Может быть, в этом и заключалась гениальность Давида как политика: безусловно, искренняя, глубокая вера в Бога и в высшие идеалы вполне уживалась в нем с холодным политическим расчетом и умением искусно манипулировать настроениями народа.
Пол Джонсон видит и в самом факте переноса Ковчега в Иерусалим, и в том, как вел себя Давид во время этого переноса, доказательство необычайной политической мудрости Давида. "То, что Давид не стал делать, имеет, пожалуй, не меньшее значение того, что он совершил", – писал Джонсон, имея в виду, что Давид не стал уподобляться остальным восточным владыкам, превращавшимся в небожителей, бесконечно удаленных от народа. Наоборот, Давид всячески подчеркивал, что он – такой же слуга Господа, как и все остальные, и именно Господом и поставлен на царство, что и делало его власть неоспоримой.

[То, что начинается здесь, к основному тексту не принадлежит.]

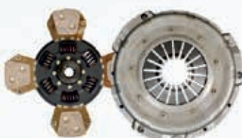
280 Dia Clutch Set Ceramic Single
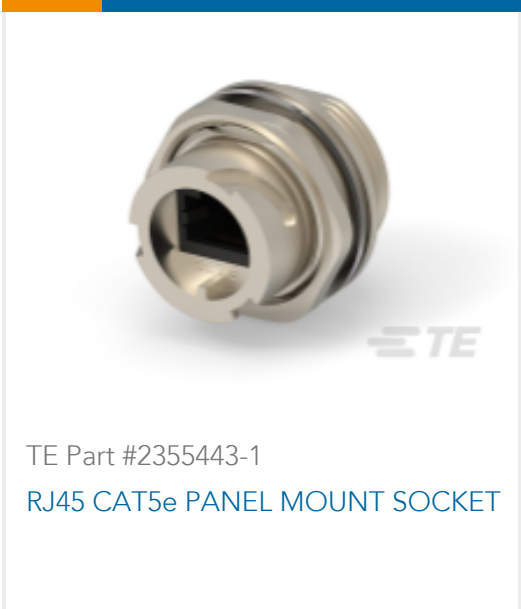
TE Part #2355443-1 RJ45 CAT5e PANEL MOUNT SOCKET
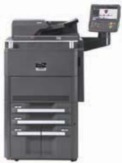
Shown with standard 270 sheet DSDP
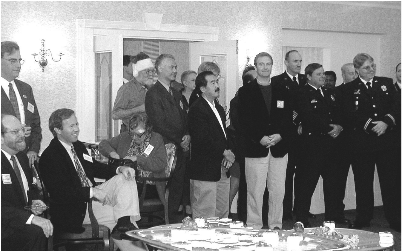
Scenes from last year's holiday reception.

bar for those who enjoy something with a little more kick.

"Похоже, что он понимал сущность израильской религии и общества лучше, чем Саул или любой из его собственных преемников, – пишет Джонсон. – Подобно Гидеону, он понял, что это государство теократическое, а не обычное. Поэтому здесь царь не может быть абсолютным владыкой восточного типа. И государство, как бы оно ни управлялось, не может здесь носить абсолютный характер. Именно поэтому даже на этом этапе отличительной особенностью израильских законов было то, что, хотя у всех граждан имеются обязанности и ответственность перед государством, общество, будь то его представители, царь, государство не могут ни при каких обстоятельствах обладать неограниченной властью над личностью. Это – прерогатива одного Бога. Евреи, в отличие от греков, а позднее римлян, не считали город, государство, общину неким юридическим лицом с правами и привилегиями. Вы можете совершить грех по отношению к человеку и, разумеется, к Богу, но нельзя представить себе преступления или греха против государства" [63].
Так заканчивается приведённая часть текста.